There's a ring on the end of the recoil spring. It slips over the magazine tube with the recoil spring. It is beveled on the inside. On a 12 gauge it should be marked "low" and "high". Is this piece present?. On 12 and 16 gauge 11-48s that ring has to be in the correct position matching the loads you are using; low brass is light, high brass is heavy.
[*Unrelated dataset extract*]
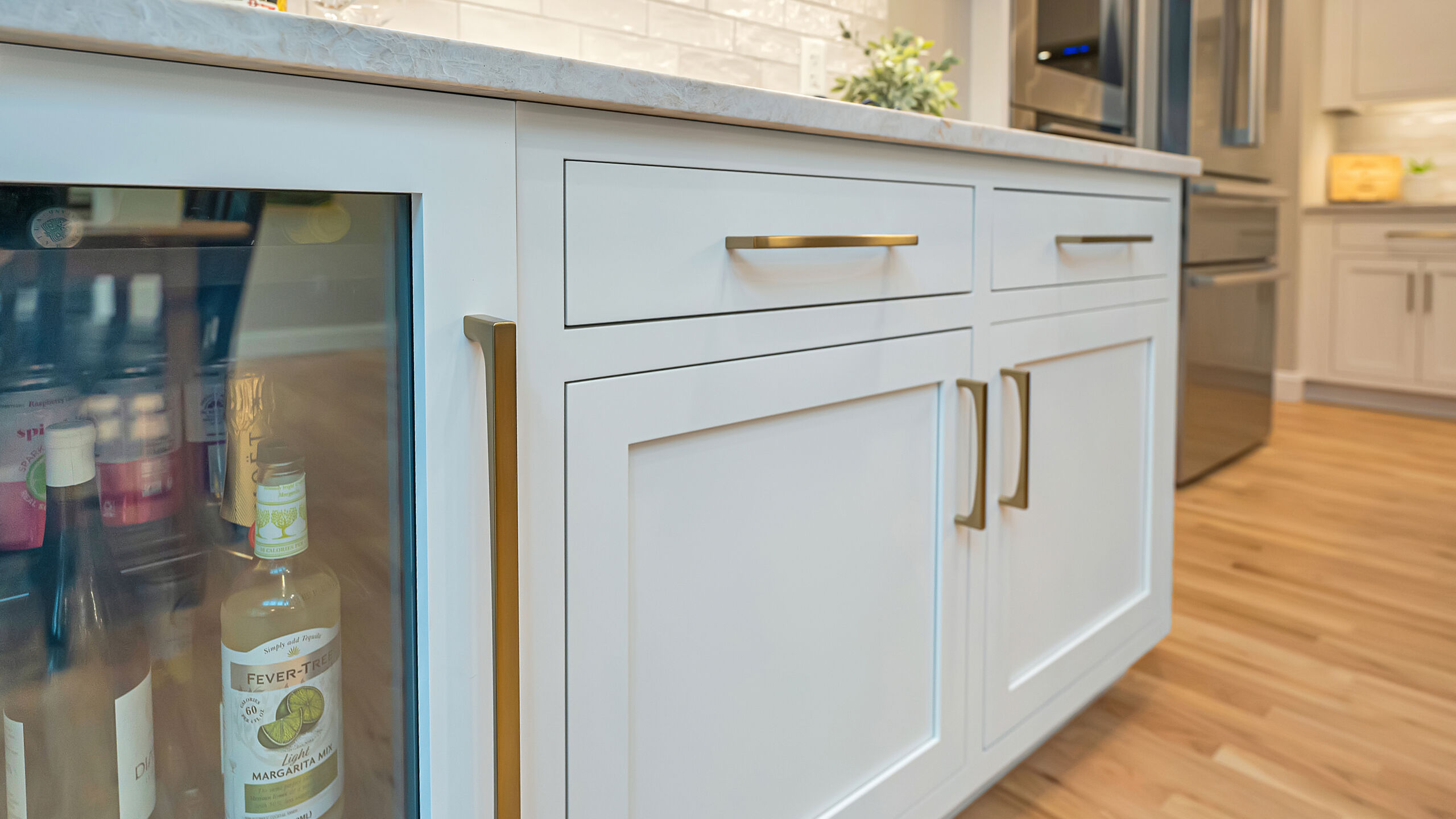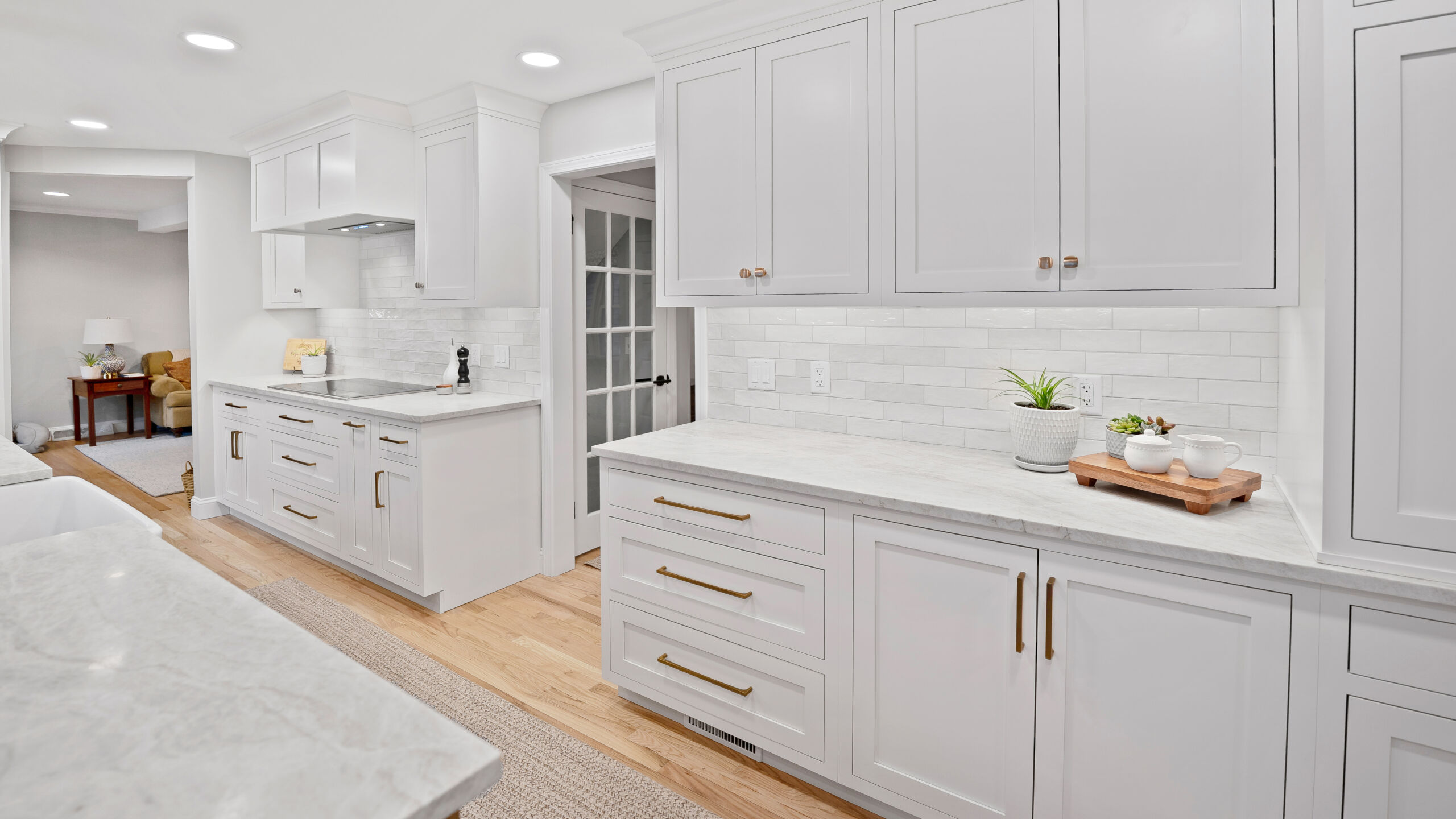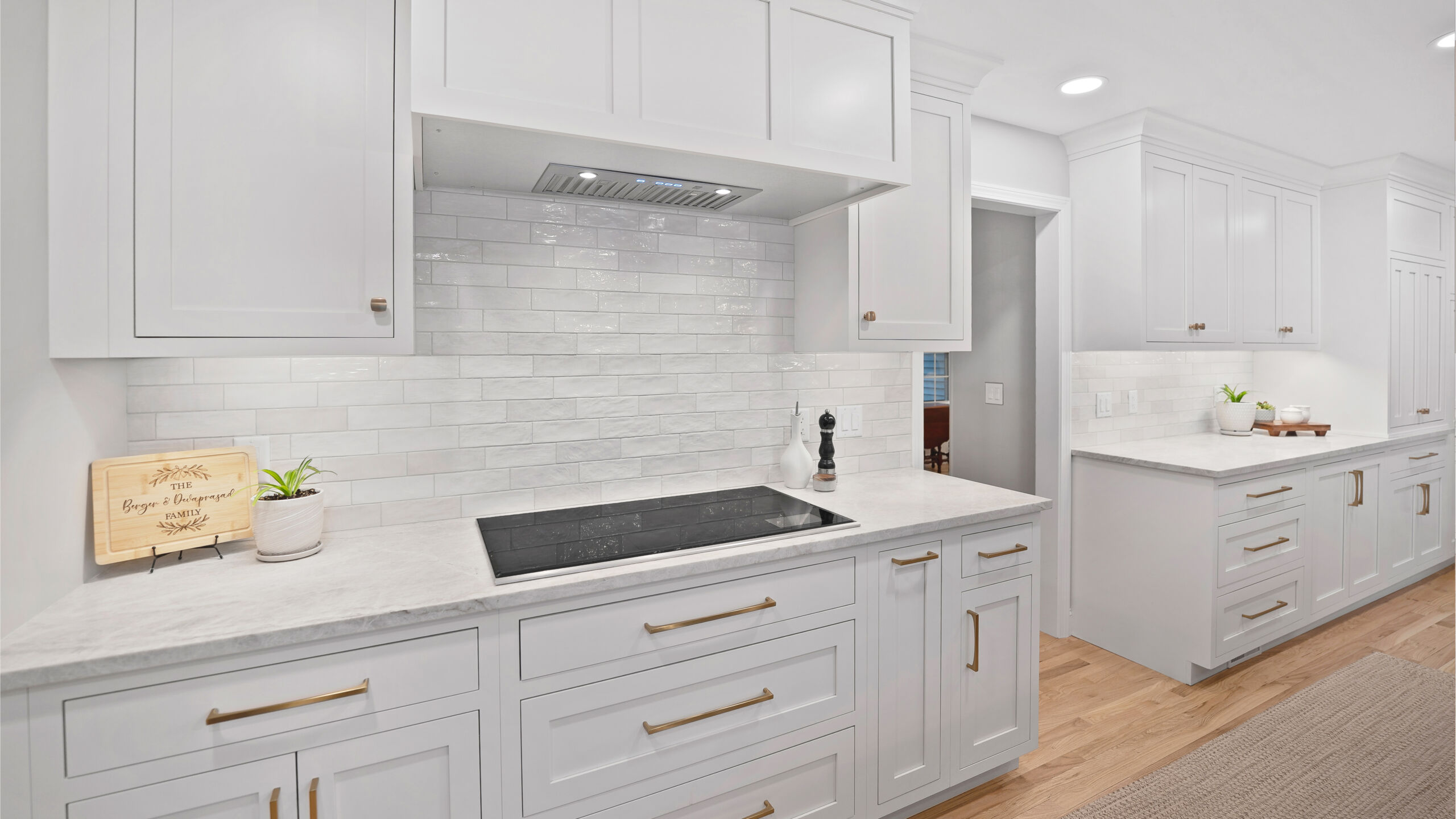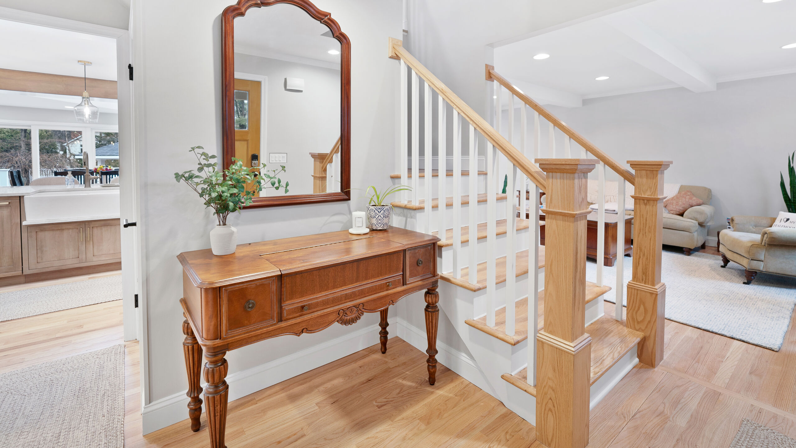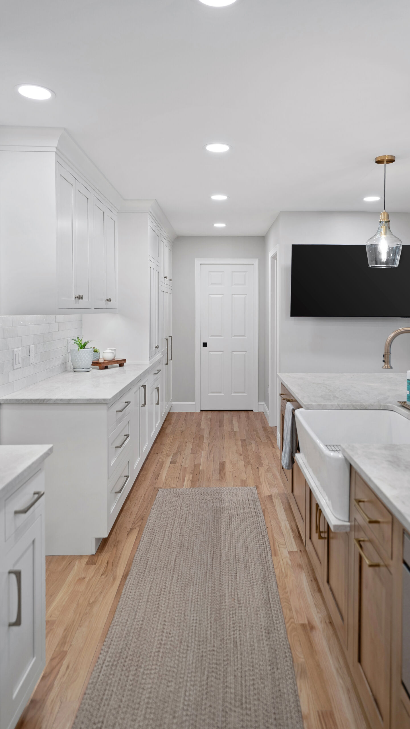 The updated kitchen embraces a lighter, more natural aesthetic, replacing the previous darker cherry finishes with off-white perimeter cabinetry and a select alder island. Taj Mahal quartzite countertops, a must-have for the homeowner, serve as a focal point that ties the entire design together. A reworked pantry near the powder bath improves storage and accessibility, while a built-in hidden desk area adds everyday convenience. The addition of a beverage area near the dining area and back patio makes entertaining effortless. Flooring was refinished to align with the new, lighter palette, while recessed lighting was updated to better suit the redesigned layout.

I have that part, but I can't find it.


----------



## Al Hansen

I got mine when I was 12 yrs. old for Christmas, lets just say a long time ago. (12 Guage) It came with 2 barrels , a vented rib and a polly choke. Still have it for sentimental reasons. It was a great gun. DO NOT feed any 3 in. in it. Mine shot low and high base without issue.


----------



## wyogoob

Al Hansen said:


> I got mine when I was 12 yrs. old for Christmas, lets just say a long time ago. (12 Guage) It came with 2 barrels , a vented rib and a polly choke. Still have it for sentimental reasons. It was a great gun. DO NOT feed any 3 in. in it. Mine shot low and high base without issue.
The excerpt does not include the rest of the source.